For thousands of years, Christianity was the dominant religion in the world and while it might seem like society is rapidly becoming more secular, there are still reported to be 2.4 billion Christians in the world today – almost a third of the world’s population. What seems to be happening is that while Christianity is dying out in Europe it is flourishing in other localities such as Latin America and also in Africa. Despite the fact that Christianity appears to be a robust religion, it is far from being the fastest growing. That falls to Islam. While Islam is the second biggest religion in the world with 1.8 billion followers, the high birth rate in Muslim dominant countries means that it is growing faster than any other religion on earth. Other religions such as Buddhism are also expected to decline as the birth rates in far eastern countries such as China and Thailand slow down and the economy grows and more people middle class.
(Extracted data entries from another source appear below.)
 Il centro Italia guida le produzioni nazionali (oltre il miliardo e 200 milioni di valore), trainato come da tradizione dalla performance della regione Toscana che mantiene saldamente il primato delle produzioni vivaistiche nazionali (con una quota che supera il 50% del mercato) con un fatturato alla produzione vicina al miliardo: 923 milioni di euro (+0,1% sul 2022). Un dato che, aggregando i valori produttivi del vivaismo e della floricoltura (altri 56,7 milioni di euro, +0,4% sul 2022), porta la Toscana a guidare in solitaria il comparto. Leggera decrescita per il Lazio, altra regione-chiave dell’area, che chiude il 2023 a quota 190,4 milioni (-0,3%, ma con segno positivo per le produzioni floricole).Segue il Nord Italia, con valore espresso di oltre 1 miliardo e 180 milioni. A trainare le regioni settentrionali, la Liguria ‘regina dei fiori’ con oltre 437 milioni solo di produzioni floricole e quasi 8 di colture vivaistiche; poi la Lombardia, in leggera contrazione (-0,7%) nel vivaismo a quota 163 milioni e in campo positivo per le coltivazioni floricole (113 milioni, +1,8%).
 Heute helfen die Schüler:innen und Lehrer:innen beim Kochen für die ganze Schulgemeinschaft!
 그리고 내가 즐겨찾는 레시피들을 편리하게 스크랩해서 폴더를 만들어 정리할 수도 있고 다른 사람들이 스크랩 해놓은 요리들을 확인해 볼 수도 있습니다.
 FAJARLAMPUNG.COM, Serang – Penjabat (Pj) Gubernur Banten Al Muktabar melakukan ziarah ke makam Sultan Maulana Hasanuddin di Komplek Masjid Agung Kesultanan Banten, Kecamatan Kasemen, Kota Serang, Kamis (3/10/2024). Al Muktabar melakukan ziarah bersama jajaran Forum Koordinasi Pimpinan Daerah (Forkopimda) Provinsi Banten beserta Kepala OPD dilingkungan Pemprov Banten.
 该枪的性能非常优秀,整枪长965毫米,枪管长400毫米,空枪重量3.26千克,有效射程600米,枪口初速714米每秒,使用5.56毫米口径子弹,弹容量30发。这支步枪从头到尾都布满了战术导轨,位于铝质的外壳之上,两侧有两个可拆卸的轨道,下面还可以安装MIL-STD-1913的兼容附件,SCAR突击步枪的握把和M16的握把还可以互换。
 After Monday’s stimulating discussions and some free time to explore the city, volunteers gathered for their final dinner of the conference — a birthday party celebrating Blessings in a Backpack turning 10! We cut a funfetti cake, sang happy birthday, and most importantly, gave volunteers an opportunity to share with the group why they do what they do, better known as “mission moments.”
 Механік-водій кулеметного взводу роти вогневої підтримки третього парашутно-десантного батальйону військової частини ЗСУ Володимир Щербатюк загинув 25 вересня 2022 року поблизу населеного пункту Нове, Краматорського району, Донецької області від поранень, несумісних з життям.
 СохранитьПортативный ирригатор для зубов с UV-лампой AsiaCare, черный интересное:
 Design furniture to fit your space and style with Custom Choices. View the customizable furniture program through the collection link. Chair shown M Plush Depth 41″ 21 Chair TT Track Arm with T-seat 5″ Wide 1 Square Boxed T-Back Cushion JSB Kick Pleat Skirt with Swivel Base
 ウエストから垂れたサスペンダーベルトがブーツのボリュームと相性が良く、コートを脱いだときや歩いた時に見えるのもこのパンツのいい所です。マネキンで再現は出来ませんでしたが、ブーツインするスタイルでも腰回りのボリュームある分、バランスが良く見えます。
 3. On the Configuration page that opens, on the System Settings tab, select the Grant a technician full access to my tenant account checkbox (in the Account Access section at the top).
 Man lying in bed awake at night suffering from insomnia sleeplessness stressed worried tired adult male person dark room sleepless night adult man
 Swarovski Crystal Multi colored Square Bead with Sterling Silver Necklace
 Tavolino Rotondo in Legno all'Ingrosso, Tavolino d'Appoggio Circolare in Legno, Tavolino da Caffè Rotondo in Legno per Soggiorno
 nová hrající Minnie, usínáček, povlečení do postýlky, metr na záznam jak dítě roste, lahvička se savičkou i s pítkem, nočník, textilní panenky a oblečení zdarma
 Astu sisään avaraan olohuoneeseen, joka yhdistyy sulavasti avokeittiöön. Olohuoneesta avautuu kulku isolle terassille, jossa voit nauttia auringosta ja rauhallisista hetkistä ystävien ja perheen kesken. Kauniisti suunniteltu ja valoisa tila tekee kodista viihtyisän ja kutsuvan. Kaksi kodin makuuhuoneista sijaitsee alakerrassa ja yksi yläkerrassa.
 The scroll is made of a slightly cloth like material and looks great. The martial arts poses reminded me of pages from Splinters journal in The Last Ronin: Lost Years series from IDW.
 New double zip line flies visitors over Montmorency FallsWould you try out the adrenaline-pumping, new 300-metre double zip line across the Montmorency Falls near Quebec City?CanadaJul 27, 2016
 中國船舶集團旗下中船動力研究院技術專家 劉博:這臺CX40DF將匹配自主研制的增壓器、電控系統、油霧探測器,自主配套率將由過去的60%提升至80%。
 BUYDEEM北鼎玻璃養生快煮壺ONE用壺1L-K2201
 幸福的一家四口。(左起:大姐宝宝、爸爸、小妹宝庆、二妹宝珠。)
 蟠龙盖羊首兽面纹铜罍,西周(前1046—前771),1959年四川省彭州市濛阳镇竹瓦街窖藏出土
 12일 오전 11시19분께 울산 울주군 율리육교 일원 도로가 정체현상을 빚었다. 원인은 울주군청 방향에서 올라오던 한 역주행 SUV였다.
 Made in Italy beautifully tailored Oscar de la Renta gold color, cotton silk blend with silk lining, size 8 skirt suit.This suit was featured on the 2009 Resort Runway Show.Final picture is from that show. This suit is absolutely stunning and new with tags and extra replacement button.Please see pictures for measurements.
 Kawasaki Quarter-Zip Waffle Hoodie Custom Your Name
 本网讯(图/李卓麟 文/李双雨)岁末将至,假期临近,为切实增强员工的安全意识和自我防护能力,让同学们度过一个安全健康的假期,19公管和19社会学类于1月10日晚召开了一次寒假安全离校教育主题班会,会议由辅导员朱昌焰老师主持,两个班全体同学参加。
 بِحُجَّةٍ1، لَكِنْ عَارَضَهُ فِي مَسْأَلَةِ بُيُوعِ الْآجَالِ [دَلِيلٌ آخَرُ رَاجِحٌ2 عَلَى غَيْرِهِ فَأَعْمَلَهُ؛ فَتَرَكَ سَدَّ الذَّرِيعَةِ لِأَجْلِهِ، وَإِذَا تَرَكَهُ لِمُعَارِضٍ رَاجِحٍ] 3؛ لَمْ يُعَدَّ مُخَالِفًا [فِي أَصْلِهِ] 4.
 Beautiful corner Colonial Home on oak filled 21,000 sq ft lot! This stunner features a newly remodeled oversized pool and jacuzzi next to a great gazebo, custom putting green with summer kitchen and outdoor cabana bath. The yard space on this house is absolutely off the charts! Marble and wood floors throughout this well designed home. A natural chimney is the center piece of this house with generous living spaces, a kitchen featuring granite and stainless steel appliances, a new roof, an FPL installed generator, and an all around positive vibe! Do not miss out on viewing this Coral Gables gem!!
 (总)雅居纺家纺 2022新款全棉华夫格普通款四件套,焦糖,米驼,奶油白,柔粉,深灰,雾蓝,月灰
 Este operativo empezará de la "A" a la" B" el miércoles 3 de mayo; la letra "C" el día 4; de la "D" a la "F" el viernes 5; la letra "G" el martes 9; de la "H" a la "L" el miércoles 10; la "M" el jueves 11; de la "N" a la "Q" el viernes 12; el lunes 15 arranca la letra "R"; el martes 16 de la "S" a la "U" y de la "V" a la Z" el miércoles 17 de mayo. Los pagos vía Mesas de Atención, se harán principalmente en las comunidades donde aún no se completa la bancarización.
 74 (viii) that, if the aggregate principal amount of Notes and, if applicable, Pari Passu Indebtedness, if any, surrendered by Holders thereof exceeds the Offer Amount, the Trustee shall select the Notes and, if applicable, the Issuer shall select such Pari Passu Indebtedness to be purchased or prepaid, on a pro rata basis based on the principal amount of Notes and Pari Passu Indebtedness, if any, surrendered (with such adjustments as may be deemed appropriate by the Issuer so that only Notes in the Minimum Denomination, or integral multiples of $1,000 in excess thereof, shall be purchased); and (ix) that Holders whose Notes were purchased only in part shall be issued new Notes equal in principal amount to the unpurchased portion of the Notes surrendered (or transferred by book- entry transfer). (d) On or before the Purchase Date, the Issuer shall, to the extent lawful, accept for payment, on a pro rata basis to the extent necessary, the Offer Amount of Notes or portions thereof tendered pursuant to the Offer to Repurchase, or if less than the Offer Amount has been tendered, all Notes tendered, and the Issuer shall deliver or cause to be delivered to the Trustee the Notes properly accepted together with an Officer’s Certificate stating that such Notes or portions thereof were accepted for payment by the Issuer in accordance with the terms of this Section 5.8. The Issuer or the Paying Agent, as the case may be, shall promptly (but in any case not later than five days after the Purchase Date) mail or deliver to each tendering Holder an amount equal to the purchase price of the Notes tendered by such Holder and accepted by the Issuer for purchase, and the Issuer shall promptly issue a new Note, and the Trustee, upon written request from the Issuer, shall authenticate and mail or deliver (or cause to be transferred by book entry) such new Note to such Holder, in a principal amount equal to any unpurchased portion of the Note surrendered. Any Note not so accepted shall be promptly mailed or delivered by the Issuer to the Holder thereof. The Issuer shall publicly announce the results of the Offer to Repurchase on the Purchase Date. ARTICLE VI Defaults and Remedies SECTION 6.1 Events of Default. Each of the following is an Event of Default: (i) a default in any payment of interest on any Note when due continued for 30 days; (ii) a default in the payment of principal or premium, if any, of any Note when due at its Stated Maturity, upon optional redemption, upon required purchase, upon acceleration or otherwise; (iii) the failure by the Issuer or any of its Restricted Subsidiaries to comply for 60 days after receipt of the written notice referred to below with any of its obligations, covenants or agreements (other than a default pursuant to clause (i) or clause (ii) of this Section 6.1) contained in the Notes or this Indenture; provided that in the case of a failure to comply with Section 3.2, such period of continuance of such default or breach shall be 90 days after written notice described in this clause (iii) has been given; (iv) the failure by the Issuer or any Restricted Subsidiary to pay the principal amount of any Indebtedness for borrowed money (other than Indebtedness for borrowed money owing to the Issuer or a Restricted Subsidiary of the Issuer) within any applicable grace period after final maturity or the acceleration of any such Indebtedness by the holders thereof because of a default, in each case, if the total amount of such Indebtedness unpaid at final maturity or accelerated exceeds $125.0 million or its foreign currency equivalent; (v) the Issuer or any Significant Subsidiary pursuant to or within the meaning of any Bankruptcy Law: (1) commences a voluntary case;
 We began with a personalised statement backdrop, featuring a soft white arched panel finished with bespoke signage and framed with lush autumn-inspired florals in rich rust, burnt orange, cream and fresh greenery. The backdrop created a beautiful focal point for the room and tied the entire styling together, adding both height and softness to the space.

People often cite the rise of atheism as the main reason that religion is in decline in the 21st century. However, though kry.care it seems that this is the case, it doesn’t tell the whole story. In fact, the percentage of the population who consider themselves to be atheist is set to decline in the coming years. In real terms, the numbers are set to increase but when compared to the number of people who have a religion the percentage will, perhaps surprisingly, fall.

While religion does not look set to be going anywhere any time soon, out societies do feel less religious – and with good reason. While religion used to be something which dominated the spheres of politics and public life, it has since ebbed away from the forefront of discourse and is something which is practiced largely in private. Practices such as theocratic rule and religious schools are falling, with people retracting their religious beliefs from public life. Religious teachings are also now absent in laws across the world, where once they held up a moral indicator by which governments would legislate in accordance with. For instance, medical practices are now free from religion with judges having the final say of issues such as blood transfusions.